Review Comment:
Since I did a first round of reviewing on this paper I stand by my original comments on Originality and Significance.
1) Originality - This paper aims to develop an ontology design pattern that defines exposure specifically in the context of environmental exposure, the health impacts on people, and the surrounding environmental influence of the exposure. Overall, this work is very interesting and much needed for several domains. The related section proves that there is a significant lack of reusable ontologies for exposure or any ontologies that use standardized definitions. The approach adopted by the authors to use terms/information extracted from scientific articles using NLP to drive the development of their ontology design pattern is great, although it might also be beneficial to see how standardized definitions for some of the concepts can be adopted.

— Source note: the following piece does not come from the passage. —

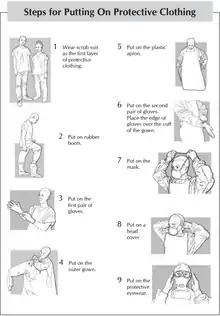 There are specific recommendation regarding the putting on of protective clothing including:[1]

2) Significance of the results - The development of such an ontology as this that represents the various aspects of exposure, including the agent or substance, the target, the environment of exposure, the duration and frequency of exposure, and the level or dose of exposure is significant in several contexts such as for health and safety, disaster management. This ontology can be useful to perform more sophisticated analyses and reasoning about the relationship between exposure and health outcomes. Furthermore, an ontology such as this can facilitate the development of computational tools and applications that rely on exposure data, such as exposure assessment models or decision support systems for risk management, ultimately contributing to a better understanding of the potential health impacts of environmental exposures.
3) Quality of writing – The authors have taken into consideration the feedback that was provided previously and addressed most issues. The readability and clarity of the paper are significantly better now. Having said that there are still some minor language issues and some modeling concerns that I have presented below:
General issues (formatting/language related):
1. Language inconsistencies: e.g., usage of both "modeled" and "modelled"
2. Throughout the paper the use of open quotation marks must be fixed (e.g., pg 2 line 28). If you are using latex editing software what you might want to use would be the backtick/left quote.
3. Be consistent with references. In some places, the authors’ names are used (e.g., pg 3 line 32, "... ontology by Zeshan and Mohamad [23]..."), whereas in others simply the reference number is used (e.g., pg 3 line 33, "... ontology by [24]..."). Adopting the latter format consistently might be better.
4. Pg 4 line 18: address --> addresses
5. Pg 4 line 43: sem-iautomated --> semi-automated
6. Pg 5 line 7: missing comma before "which"
7. Pg 8, line 32: including a reference for EPO:exposure class might be helpful
8. Pg 8, line 35: DCAT and PROV are introduced in the paper for the first time here, so mentioning their references would be good
9. Pg 11: Since Fig 2 seems to have a lot of white space around it, it might be helpful to draw out real-world examples (that are described in the text) against each exposure model
10. Pg 12 line 36: Should the concept "Environments" be "EnvironmentalFactor"? Both Fig. 3 and Fig. 4 only mention the latter as a class
11. Pg 13 line 20-21: missing parenthesis in the two axioms
12. Pg 14 line 35: what is the axiom 3 that is mentioned here? Perhaps numbering all the axioms might be helpful?
13. Pg 15 line 30: missing space after "These"
14. Pg 26-27 - It might be helpful to include references for the papers in these tables because its the reference numbers that are used in the Results section and not the paper names as mentioned in the tables here, so comparison is hard for the reader.
There are many more grammar/punctuation issues. Maybe using grammar software such as Grammarly (which is free) might be helpful in identifying and addressing these issues.
Modeling questions:
1. The notion of "temporal information" seems important for exposure, dose, and health risk. The authors talk about it quite a bit in the text on pg 11-13 (where they describe these concepts in detail). But the ontology does not include any temporal modeling, nor is it known how this information exists in any of the datasets (articles) used.
2. In page 3- the authors make the following claim "For every exposure there is a unique person who is exposed. Further the axioms in lines 20-21 state that an exposure is always caused by only one activity and the activity is always caused by only one person. This seems too restrictive IMO. Exposure can be due to a combination of several activities (e.g., dumping of toxic waste at a landfill site and a person's decision to live in proximity). In this example, there is no possible causal link between the dumping activity and a person's decision, and the exposure is rather a consequence of the two activities. Unless the implication is that for a given exposure, there is a primary, dominant, or most significant activity causing it. But is there even a possibility to determine this? Next, activities can be carried out by more than one person or even organizations (e.g., dumping of toxic waste at a landfill site by a waste-removal company). Likewise, an entire community (not simply an individual) can be exposed due to such an activity and not simply 1 person. This brings me to another question I have about Query 2 on Page 17 -- "Is the person who causes the activity always the one exposed". I cannot agree with this-- and there are so many real-world scenarios that may contradict this.
Overall I find this axiomatization too restrictive and maybe not a representation of many real-world scenarios.
3. I do not think the axiom for "Active" is doing what they say it's doing. It seems confusing.
4. Pg 19 line 4 - What do the authors mean by brute implementation? Manually or using a reasoner or inferencing within a graph database?